ASSIGNMENT — The answer must reproduce all of the data below exactly and contain no images.

COLLECTED MATERIAL —

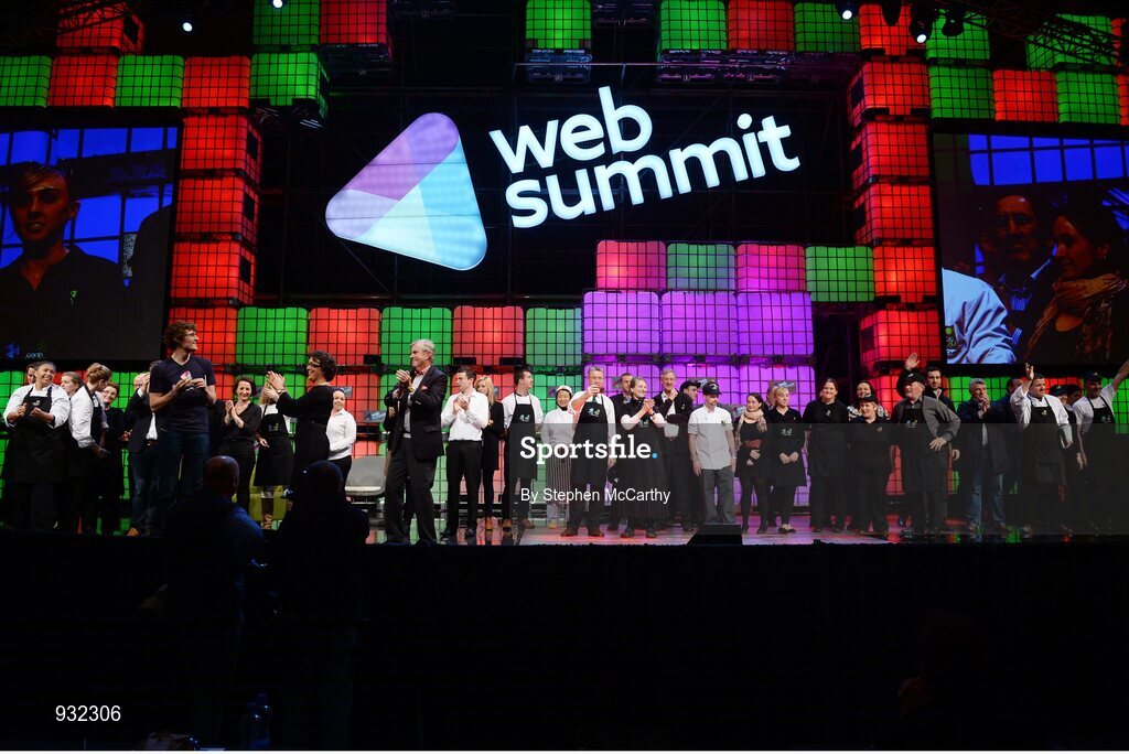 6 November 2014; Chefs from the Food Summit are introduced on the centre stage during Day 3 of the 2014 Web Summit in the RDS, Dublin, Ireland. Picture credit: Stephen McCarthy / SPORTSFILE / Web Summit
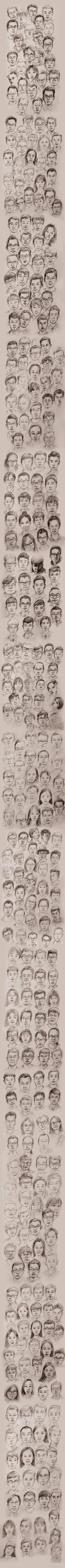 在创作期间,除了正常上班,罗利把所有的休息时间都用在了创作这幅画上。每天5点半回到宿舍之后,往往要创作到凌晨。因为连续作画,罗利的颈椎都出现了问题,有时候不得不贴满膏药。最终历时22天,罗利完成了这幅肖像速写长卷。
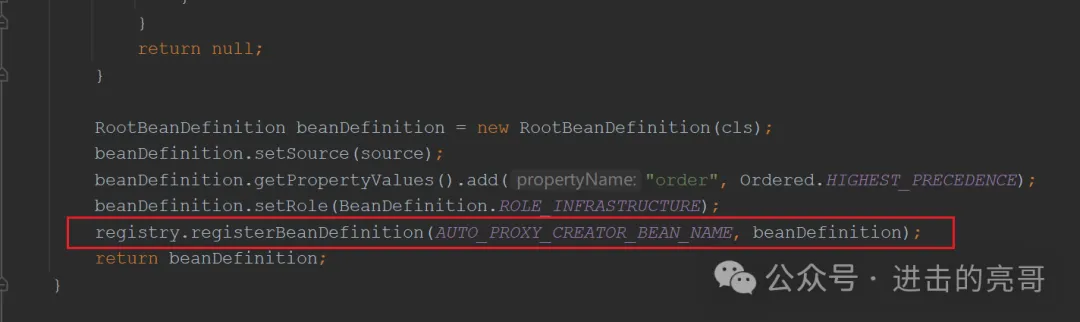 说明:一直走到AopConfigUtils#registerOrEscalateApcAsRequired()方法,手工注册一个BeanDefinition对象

YOUR SOLUTION —
 6 November 2014; Chefs from the Food Summit are introduced on the centre stage during Day 3 of the 2014 Web Summit in the RDS, Dublin, Ireland. Picture credit: Stephen McCarthy / SPORTSFILE / Web Summit
 在创作期间,除了正常上班,罗利把所有的休息时间都用在了创作这幅画上。每天5点半回到宿舍之后,往往要创作到凌晨。因为连续作画,罗利的颈椎都出现了问题,有时候不得不贴满膏药。最终历时22天,罗利完成了这幅肖像速写长卷。
 说明:一直走到AopConfigUtils#registerOrEscalateApcAsRequired()方法,手工注册一个BeanDefinition对象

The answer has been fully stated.